Add RTTI thumbnail option #460

Open
Rannek opened this issue Feb 6, 2024 · 15 comments
Open

Add RTTI thumbnail option #460

Rannek opened this issue Feb 6, 2024 · 15 comments
Assignees

Comments

@Rannek
Copy link

Rannek commented Feb 6, 2024

bulk_extractor automatically finds and extracts JPG images but the tool does not currently support the extraction of RTTI thumbnail files.

RTTI is a thumbnail file format generated by Raw Therapee. These files cannot be extracted by standard methods, which means that they are currently overlooked by bulk_extractor. and other softwares too.

I have developed a script that successfully extracts RTTI thumbnail files. I believe integrating this script into bulk_extractor would significantly increase the tool's yield and make it even more versatile.

https://github.com/Rannek/raw-therapee-thumbnail-extractor

@simsong
Copy link
Owner

simsong commented Feb 7, 2024

Right now, your script is in Python. If you want to rewrite it as a bulk_extractor module, we can take it now. Otherwise, it will need to wait until we can take on python modules. They will run much slower, because python runs much slower than see.

How widely is RTTI used?

@Rannek
Copy link
Author

Rannek commented Feb 7, 2024

Thank you for the answer and the clarification. I will try to rewrite my Python script as a bulk_extractor module in C++.

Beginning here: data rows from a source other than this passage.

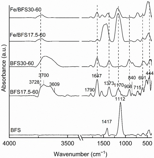 Figure 2 shows the DRIFT spectra of BFS, BFS17.5-60, BFS30-60, Fe/BFS17.5-60, and Fe/BFS30-60. In the DRIFT spectrum of the BFS raw material, only a few peaks were observed. The band at ~1420 cm
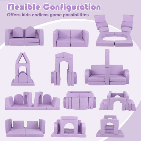 8-Piece Modular Kids Play Couch with Comfy Suede Fabric-Purple
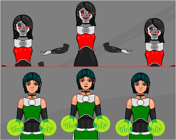 Every word of Faye’s story is true, because it is about what is happening right now.  This is the tale of sibling rivalry between a girl and the friend who claimed to be her mentor.  Now, these two women fight to determine the fate of this universe while Duplica’s reinforcements handle Ally J.’s robotic children.  While Ally did initially have help from the tots holding Cat’s loved ones, she’s enjoying the battle so much that she decided long ago to hoard Duplica to herself.  In fact, the more they fight, the more Destiny reconsiders her deadly intentions, giving serious thought to making Cat her personal pet.
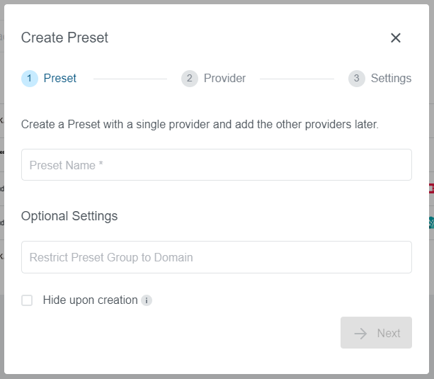 Name is a required parameter and will be used in the wizard to select the providerDomain is an optional parameter that allows to limit Preset availability only to the specific users with email matching this domainHide upon creation allows to hide the preset after creation from the usersAll configured providers will be available on this step and only a single provider can be selected.
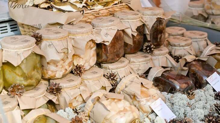 На ярмарках также можно найти сушёные грибы — подосиновики, подберёзовики, опята, маслята, моховики, белые грибы и лисички. Кроме того, на прилавках представлены маринованные осенние и зимние опята.
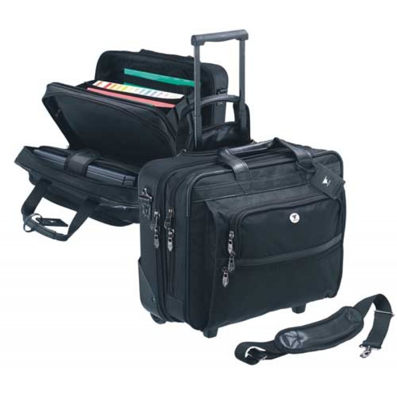 Geanta laptop 15"(43x33x21cm), polyester DuraTuff 1680, maner si rotile, FALCON - negru
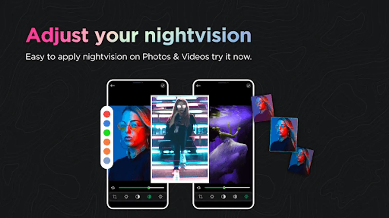 Selfiecut NightVision Effects is your gateway to a world of stunning night photography. Capture captivating selfies and videos in the dark with our powerful Night Vision Camera effect. Create art with our Dark Effects Camera, complete with Night Filters for perfect nighttime photos. Enjoy auto adjustments, vibrant colors, and high-quality images. Record and play back HD videos, use front and rear cameras, and zoom up to 8x. Set auto timers, explore green amplification mode, and enhance your content with live Camera Filter Effects. Elevate your photography with the Photo Video Slider. Download now and unlock the magic of the night
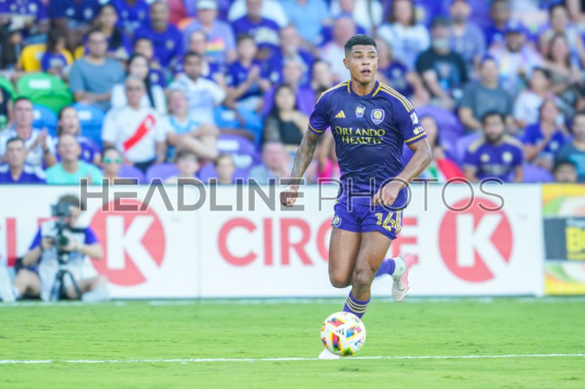 Orlando, Florida, USA, July 6, 2024, Orlando City SC pdefender Wilder Cartagena #16 look to make a pass at Inter&Co Stadium. (Photo Credit: Marty Jean-Louis)
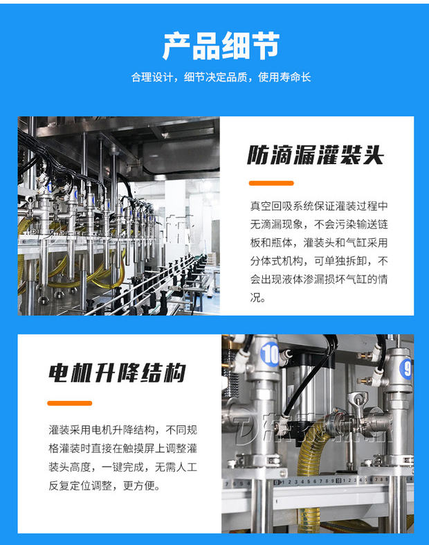 過程中無滴漏現(xiàn)象,不會污染輸送鏈板和瓶體,灌裝頭和氣缸采用分體式機構,可單獨拆卸,
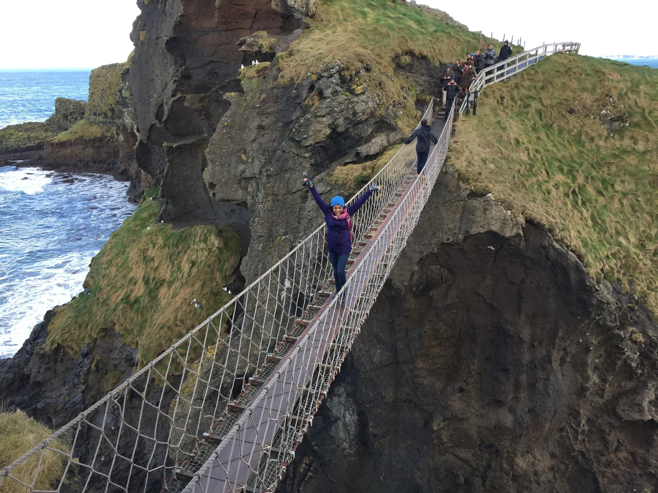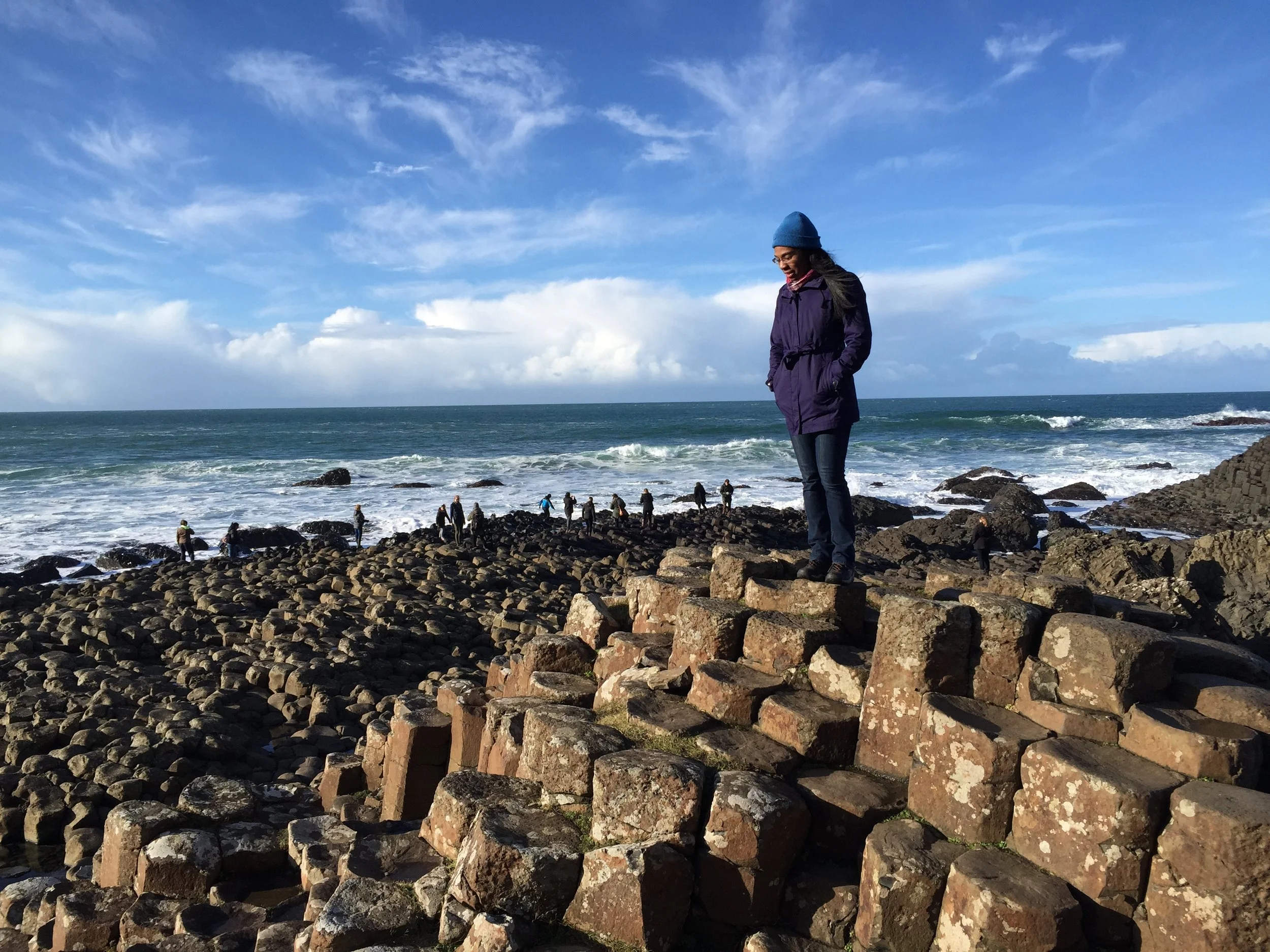 We crossed the Carrick-a-Rede Rope Bridge near Ballintoy, a narrow bridge strung high above the rocks, and stopped briefly at the ruins of an old church along Ballytober Road before continuing to the Giant’s Causeway, a UNESCO World Heritage Site made up of hexagonal basalt columns shaped by volcanic activity millions of years ago. The waves pounded the shore as we climbed over the stones, the whole place feeling both otherworldly and ancient. Before heading back to Dublin, we stopped in Belfast, where City Hall glowed beautifully at night.

How widely is it used? That’s a good question. It is an open-source alternative to Adobe Lightroom, used to edit mainly RAW images but can handle other formats too. I think it’s pretty well known in the photographic community.

Every Raw Therapee Thumbnail Image (RTTI) begins with either Image8 or Image16, which indicates the number of bits per channel in the thumbnail image in RGB layout.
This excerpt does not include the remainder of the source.